文明のターンテーブルThe Turntable of Civilization

日本の時間、世界の時間。
The time of Japan, the time of the world

Close resemblance to the Kono statement on the comfort women issue

2023年04月16日 14時44分19秒 | 全般

The following is from an article by Masamune Wada, a member of the House of Councilors, published by Hanada Plus.
The first answer in the history of the Diet! Foreign Minister Hayashi says, "There is no document within the ministry that serves as the basis for the Nanjing Incident."
"The Japanese government cannot deny that noncombatants were killed after the Japanese army entered Nanjing." When I asked him about the basis for this view, he answered for the first time in the history of the Diet.
table of contents
● Is there a document that serves as the basis for the statements made by the government as a whole?
● Close resemblance to the Kono statement on the comfort women issue
● Some statements in the Murayama Statement were written without basis.
● "If you can't define it, you should delete it."
Is there a document that serves as the basis for the statement by the government as a whole?
At a House of Councilors Accounts Committee session last week, when I asked about the grounds for the Japanese government's views on the Battle of Nanking, I received an answer for the first time in the history of the Diet.

Documents that serve as the basis for the government's statement on the Ministry of Foreign Affairs website, etc., that "the Japanese government cannot deny that noncombatants were killed after the Japanese army entered Nanjing." Foreign Minister Yoshimasa Hayashi replied, "I cannot confirm the one created by the Ministry of Foreign Affairs."
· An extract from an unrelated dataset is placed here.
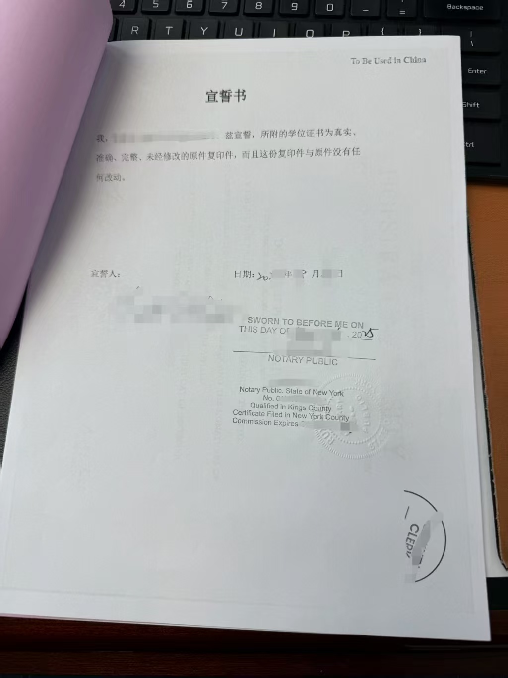 当事人将学位证书原件或学校认证副本交由纽约州注册律师进行公证。律师核验文件来源与签发人签名的真实性后,在文件上加盖“Notary Public, State of New York”印章,并签署声明书,确认文件为真实有效副本。
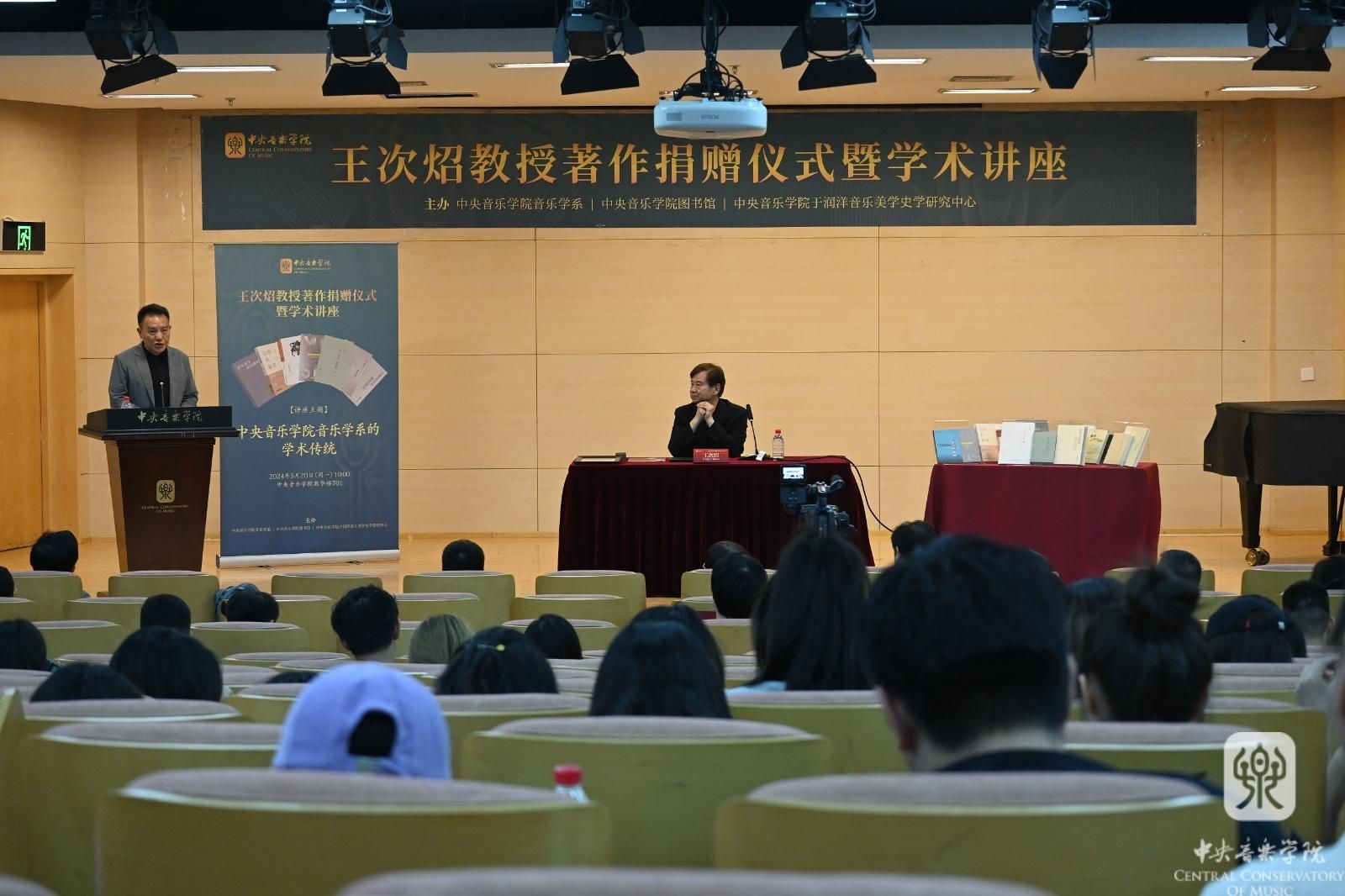 5月20日10:00,由KY开元集团官网音乐学系、KY开元集团官网图书馆、KY开元集团官网于润洋音乐美学史学研究中心主办的“王次炤教授著作捐赠仪式暨学术讲座”在教学楼701成功举办。该活动是本学期KY开元集团官网音乐学系艺术实践周中的重要活动,KY开元集团官网原党委书记、原院长、著名音乐学家王次炤教授,音乐学系主任何宽钊教授,音乐学系党总支书记吴晓萍教授,KY开元集团官网图书馆馆长修子健研究员,音乐学系副主任刘小龙教授以及音乐学系师生共同出席了本次活动。讲座现场座无虚席,200多位师生共同见证捐赠仪式,聆听KY开元集团官网音乐学学科建设历史,坚守音乐学系的优良学统。

The issue of the government's view on the Battle of Nanjing came to light when Kenichi ARA, a researcher on modern and contemporary history, asked the Ministry of Foreign Affairs to release the documents on which it was based last March and received a response January of this year stating that it had decided not to disclose the papers because it could not confirm the existence of the relevant documents.

When Mr. ARA asked me if it was possible to correct a statement on the Ministry of Foreign Affairs website that had no basis, I began communicating the facts with the Ministry of Foreign Affairs. 
The Ministry of Foreign Affairs indicated that there was no document within the Ministry of Foreign Affairs that could serve as the basis for the statement, which was officially confirmed during the parliamentary questioning this time.
In this deliberation, after obtaining an answer as to whether or not the document exists within the Ministry of Foreign Affairs, I asked the government as a whole whether any papers would serve as the basis for the statements. But not only did he answer, "No," for some reason, Minister of Foreign Affairs Hayashi also responded to the question, which I planned for the next question, "Does the entire government have documents that serve as the basis for the statements?"

The response was, "The description on the Ministry of Foreign Affairs website, which you just pointed out, is the government's response to the questionnaire decided by the Cabinet on April 24, 2007. However, the recognition shown in the same answer is a comprehensive judgment based on the testimonies of those involved and various materials related to the incident.
Regarding this document, we have not been able to confirm that the Ministry of Foreign Affairs created it, but as a document created by a government agency, it was published in 1975 by the Defense Research Institute, War History Office. I am aware that there is a corresponding description in the first volume of the War History Series: Chinese Incident Army Operation."

Close resemblance to the Kono statement on the comfort women issue

However, the "War History Series: Chinese Incident Army Operation" in this answer was compiled in 1975, 30 years after the end of the war. I ordered all of them from the National Diet Library and read them all. Still, I could not find a clear description from these materials that the Japanese military intentionally killed civilians.

In addition, the "applicable description" in the Foreign Minister's answer seems to be the description that "innocent residents were killed or injured," but this may be written in the context of the Japanese military intentionally killing residents. Instead, it is written on the premise that "noncombatants and residents died as collateral damage." Furthermore, in this "War History Series: Chinese Incident Army Operation," it is clearly stated that "Most of the corpses near Nanjing were the result of combat actions, and it is difficult to say that it was a premeditated and systematic massacre."

What can be said from these is that the government's view on the Battle of Nanking is an "official view" based on things that cannot be confirmed in government-owned documents and are very similar to the statement by Chief Cabinet Secretary Kono on the comfort women issue.

The description on the Ministry of Foreign Affairs website is based on the description of the government's reply to the questionnaire in 2007, "It cannot be denied that noncombatants were killed after the former Japanese army entered Nanjing in 1937." However, what became clear through this question-and-answer session was that no document in the Ministry of Foreign Affairs served as the basis for this and that even in the "War History Series: China Incident Army Operation," which is the basis for this, there was no intentional non-combat. Therefore, the killing of members and residents is not specified.